Key Role of Diabatic Processes in Regulating Warm Water Volume Variability over ENSO Events

The equatorial Pacific warm water volume (WWV), defined as the volume of water warmer than 20 degrees C near the equator, is a keyy predictor for El Nino-Southern Oscillation (ENSO), and yet much about the individual processes that influence it remains unknown. In this study, we conduct idealized ENSO simulations forced with symmetric El Nino- and La Nina-associated atmospheric anomalies as well as a historical 1979-2016 hindcast simulation. We use the water mass transformation framework to examine the individual contributions of diabatic and adiabatic processes to changes in WWV. We find that in both sets of simulations, El Nino's discharge and La Nina's recharge periods are initiated by diabatic fluxes of volume across the 20 degrees C isotherm associated with changes in surface forcing and vertical mixing. Changes in adiabatic horizontal volume transport above 20 degrees C between the equator and subtropical latitudes dominate at a later stage. While surface forcing and vertical mixing deplete WWV during El Nino, surface forcing during La Nina drives a large increase partially compensated for by a decrease driven by vertical mixing.

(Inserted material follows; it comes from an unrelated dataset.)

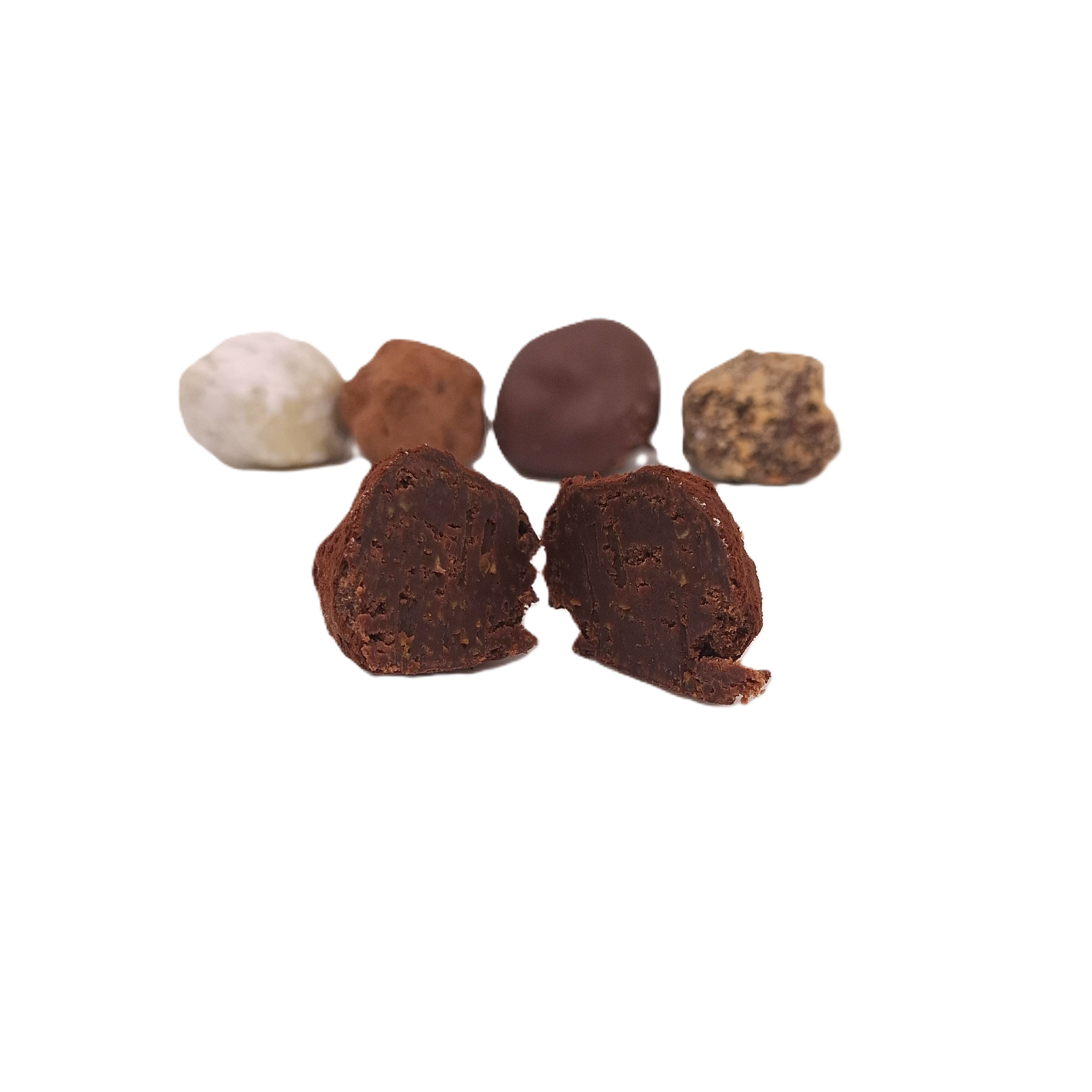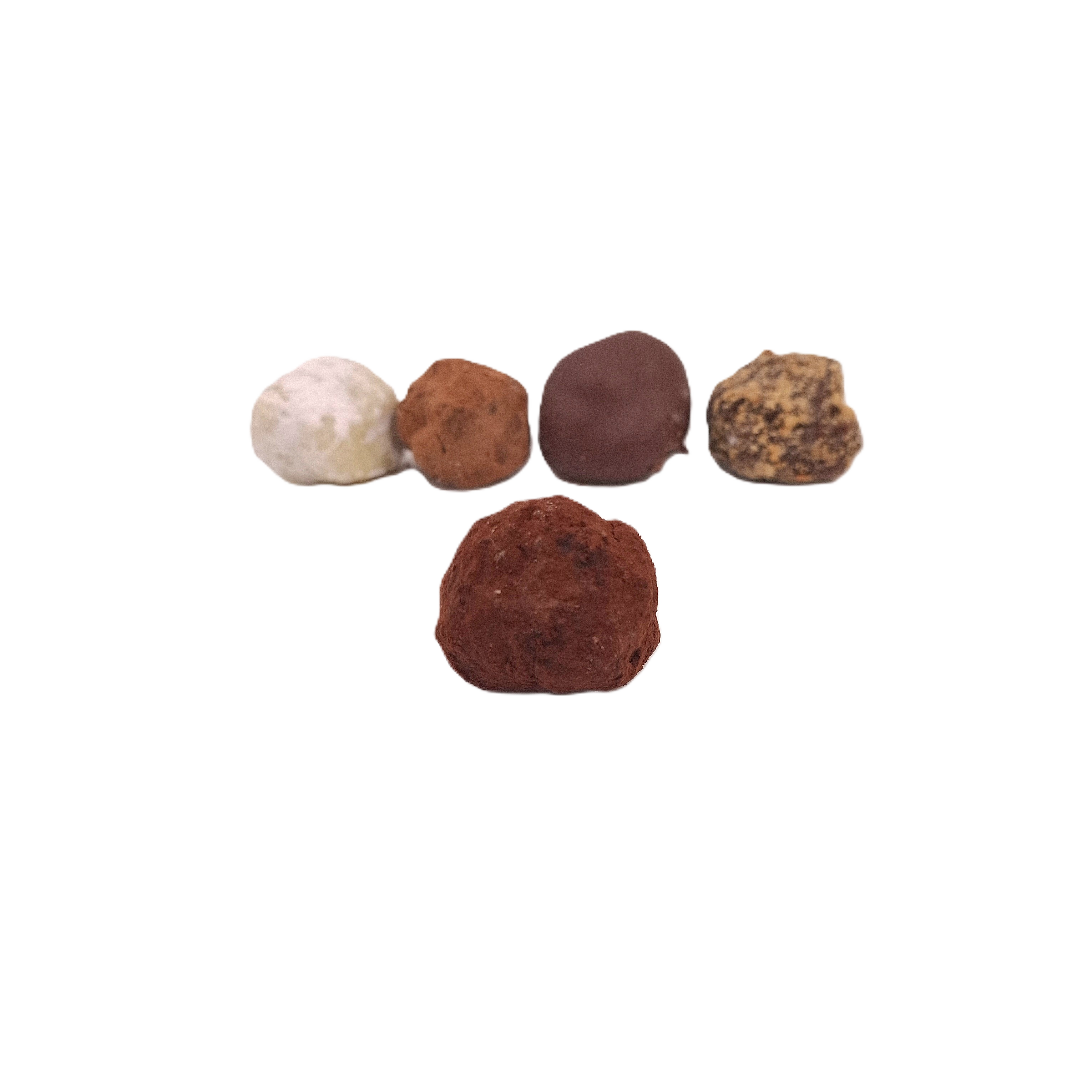 Trufla pomarańczowa to słodka, kremowa propozycja stworzona z mlecznej czekolady i naturalnej skórki pomarańczowej. Intensywnie aromatyczna, świeża, owocowa i delikatnie obtoczona w kakao. Ręcznie produkowana w małych ilościach — idealna dla osób kochających cytrusowe desery.
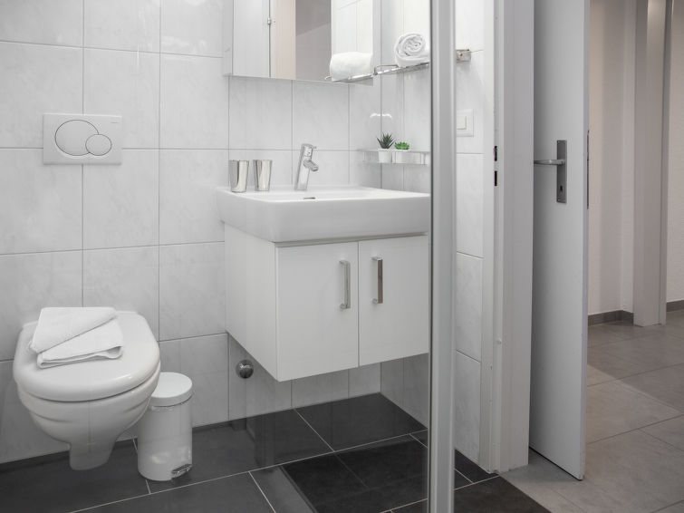 "Apt. Hu", 3 rom leilighet 112 m2 i 1st etasje. Romlig og lys, moderne og smakfullt møbler: stue/spisestue med, 1 dobbel sovesoffa (140 cm, lengde 180 cm), kabel-TV, flatskjerms TV og radio. 1 rom med, 1 dobbeltseng (2 x 90 cm, lengde 200 cm), bad/WC. 1 rom med 2 senger (90 cm lengde 200 cm), dusj/WC. Kjøkken (stekeovn, oppvaskmaskin, 4 keramiske kokeplater, brødrister, vannkoker, mikrobølgeovn, elektrisk kaffemaskin, Internet(Nespresso), ekstra). 2 balkonger. Vakker utsikt av fjellene. Fasiliteter: hårføner. Internett (trådløs LAN [WLAN], gratis). Vennligst merk: røykfri bolig.

On average, the ratio of diabatic to adiabatic contributions to changes in WWV during El Nino is about 40% to 60%; during La Nina this ratio changes to 75% to 25%. The increased importance of the diabatic processes during La Nina, especially the surface heat fluxes, is linked to the shoaling of the 20 degrees C isotherm in the eastern equatorial Pacific and is a major source of asymmetry between the two ENSO phases, even in the idealized simulations where the wind forcing and adiabatic fluxes are symmetric.